From: Ze Gao <zegao2021@gmail.com>
To: Peter Zijlstra <peterz@infradead.org>,
Steven Rostedt <rostedt@goodmis.org>,
Namhyung Kim <namhyung@kernel.org>
Cc: Adrian Hunter <adrian.hunter@intel.com>,
Alexander Shishkin <alexander.shishkin@linux.intel.com>,
Arnaldo Carvalho de Melo <acme@kernel.org>,
Ian Rogers <irogers@google.com>, Ingo Molnar <mingo@redhat.com>,
Jiri Olsa <jolsa@kernel.org>, Mark Rutland <mark.rutland@arm.com>,
Masami Hiramatsu <mhiramat@kernel.org>,
linux-kernel@vger.kernel.org, linux-perf-users@vger.kernel.org,
linux-trace-kernel@vger.kernel.org,
linux-trace-devel@vger.kernel.org, Ze Gao <zegao@tencent.com>
Subject: [RFC PATCH v2 1/3] sched, tracing: add to report task state in symbolic chars
Date: Wed, 26 Jul 2023 20:16:16 +0800 [thread overview]
Message-ID: <20230726121618.19198-2-zegao@tencent.com> (raw)

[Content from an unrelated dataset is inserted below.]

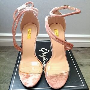 Qupid | Pink crush velvet ~ open toed chunky glitter heel with straps
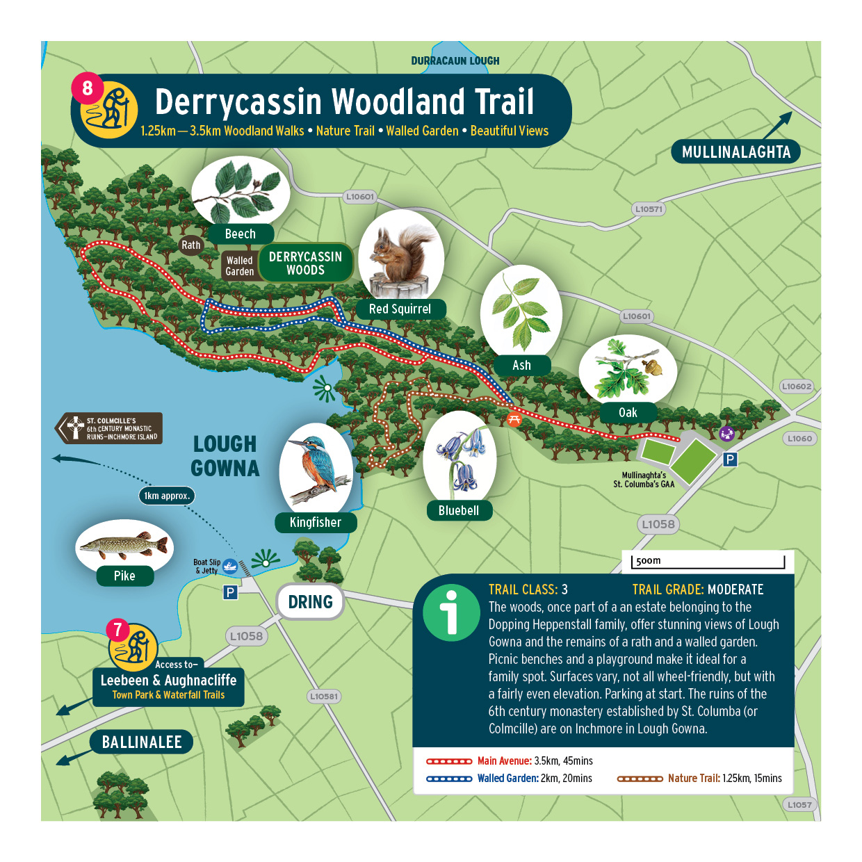 Derrycassin House was built in 1760 and at the time boasted beautiful walled gardens and an orchard that supplied the main house with fruit and vegetables. Unfortunately, the house no longer exists, but an afternoon spent walking the woods and taking in the splendid views of the lovely Lough Gowna transports the visitor back in time, as many of the tracks are broadly the same as those used by the original owners.

In-Reply-To: <20230726121618.19198-1-zegao@tencent.com>
Internal representations of task state are likely to be changed or
ordered, and reporting them to userspace without exporting them as
part of API is not a good choice, which can easily break a userspace
observability tool as kernel evolves. For example, perf suffers from
this and still reports wrong states by this patch.
OTOH, some masqueraded state like TASK_REPORT_IDLE and TASK_REPORT_MAX
are also reported inadvertently, which confuses things even more.
So add a new variable in company with the old raw value to report task
state in symbolic char, which is self-explaining and no further
translation is needed, and also report priorities in 'short' to save
some buffer space. Of course this does not break any userspace tool.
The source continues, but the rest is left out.